On Tue, Dec 01, 2015 at 11:26:36PM +0200, Kirill A. Shutemov wrote:
> On Mon, Nov 30, 2015 at 09:37:33AM -0500, Sasha Levin wrote:
> > Hi Kirill,
> >
> > I've hit the following while fuzzing with trinity on the latest -next kernel:
> >
> > [ 321.348184] page:ffffea0011a20080 count:1 mapcount:1 mapping:ffff8802d745f601 index:0x1802
> > [ 321.350607] flags: 0x320035c00040078(uptodate|dirty|lru|active|swapbacked)
> > [ 321.453706] page dumped because: VM_BUG_ON_PAGE(!PageLocked(page))
> > [ 321.455353] page->mem_cgroup:ffff880286620000
>
> I think this should help:
>
> From aadc911f047b094c68b350550556dafabf05af13 Mon Sep 17 00:00:00 2001
> From: "Kirill A. Shutemov" <[email protected]>
> Date: Fri, 20 Nov 2015 12:20:00 +0200
> Subject: [PATCH] thp: fix split_huge_page vs. deferred_split_scan race
>
> Minchan[1] and Sasha[2] had reported crash in split_huge_page_to_list()
> called from deferred_split_scan() due VM_BUG_ON_PAGE(!PageLocked(page)).
>
> This can happen because race between deferred_split_scan() and
> split_huge_page().
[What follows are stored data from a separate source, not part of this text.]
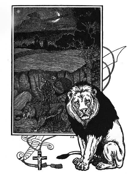 In a large menagerie there was a lion called Danco, whose cage needed some repairs. His keeper hired a carpenter to do the work, but when the workman came and saw the lion, he started back in terror. The keeper entered the animal's cage, and led him to the upper part of it, while the lower was being fixed. He there amused himself for some time playing with the lion, and being wearied, at last fell asleep. The carpenter, relying fully upon the vigilance of the keeper, went on rapidly with his work, and when he had finished it, he called him to see what was done. The keeper made no answer. Having repeatedly called him in vain, he began to feel alarmed at his situation, and he determined to go to the upper part of the cage, where, looking through the railing, he saw the lion and the keeper sleeping side by side. He immediately uttered a loud cry; the lion, awakened by the noise, started up and stared at the carpenter with an eye of fury, and then, placing his paw on the breast of his keeper, lay down to sleep again. At length the keeper was awakened by some of the attendants, and he did not appear in the least worried by the situation in which he found himself, but shook the lion by the paw, and then gently conducted him to his old cage.[Pg 127]
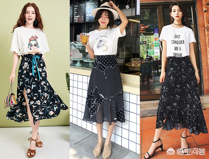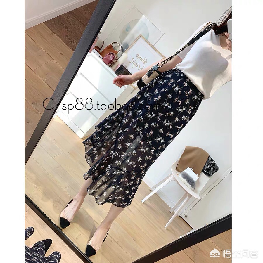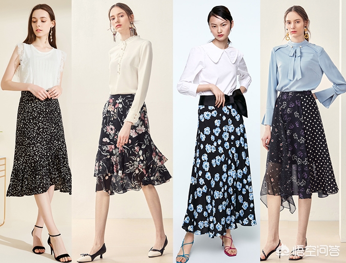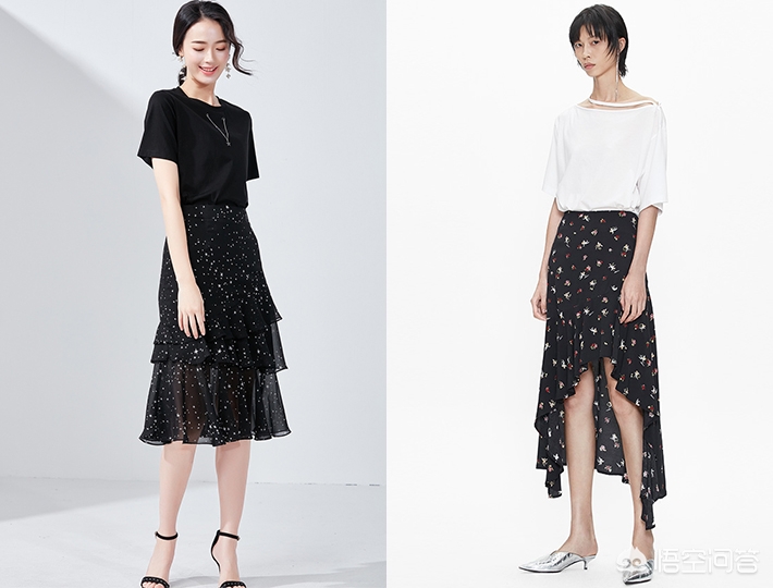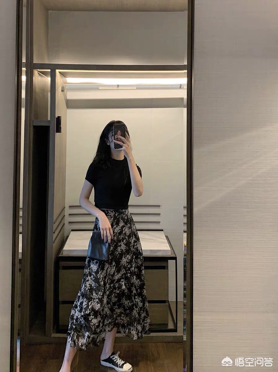 黑色碎花裙有种冷静自持的气质,仿佛黑暗中孤独的行者,自有一份孤傲在身,繁花下又藏着一颗柔软的心!黑白配是万年经典!但可以用不同款式的上衣,应用不同场景:
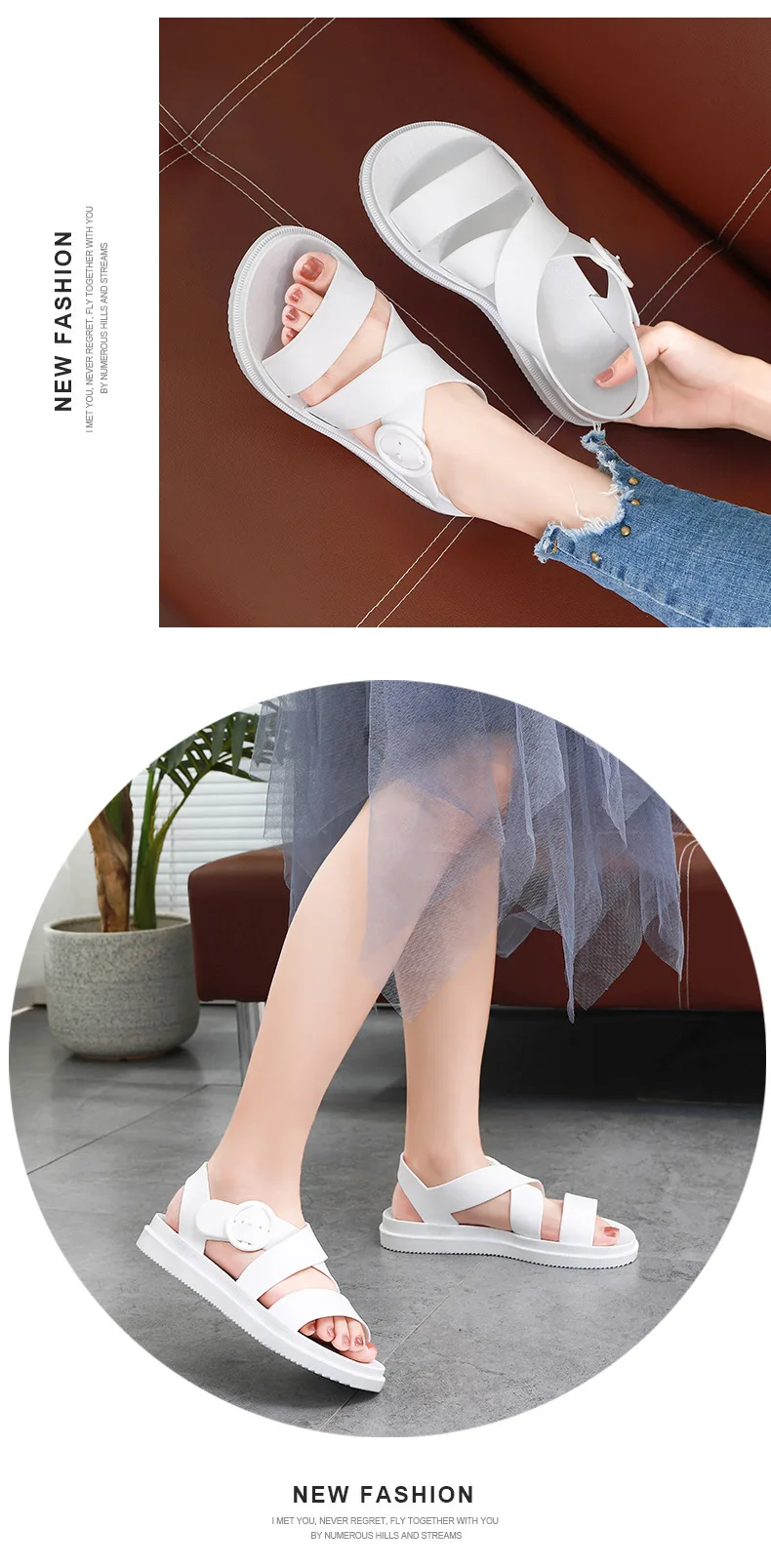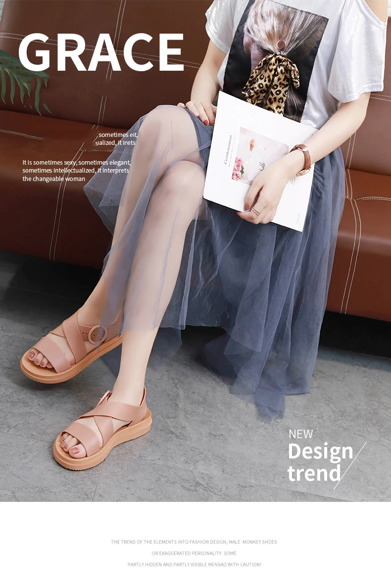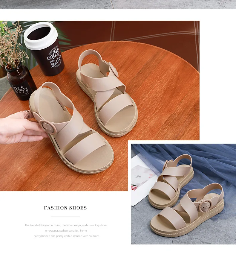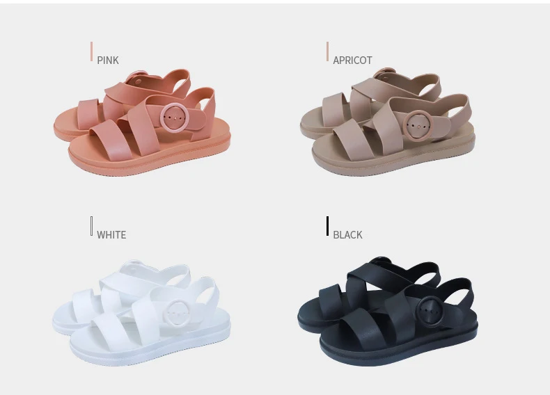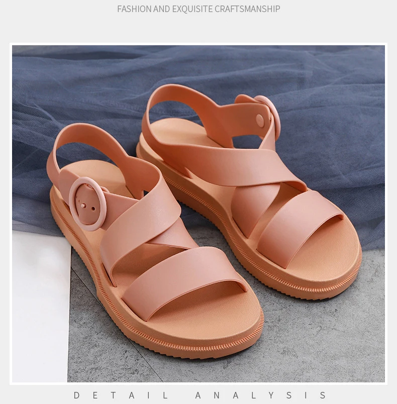 Повседневные женские сандалии SWYIVY из ПВХ, однотонная женская обувь, лето 2020, женские сандалии на плоской подошве с ремешком с пряжкой, Модные женские сандалии

The result of the race is that the page can be split
> under deferred_split_scan().
>
> The patch prevents this by taking split_queue_lock in
> split_huge_page_to_list() when we check if the page can be split.
> If the page is suitable for splitting, we remove page from splitting
> queue under the same lock, before splitting starts.
>
> [1] http://lkml.kernel.org/g/20151117073539.GB32578@bbox
> [2] http://lkml.kernel.org/g/[email protected]
>
> Signed-off-by: Kirill A. Shutemov <[email protected]>
> Reported-by: Minchan Kim <[email protected]>
> Reported-by: Sasha Levin <[email protected]>

With this, I cannot reprocude the error.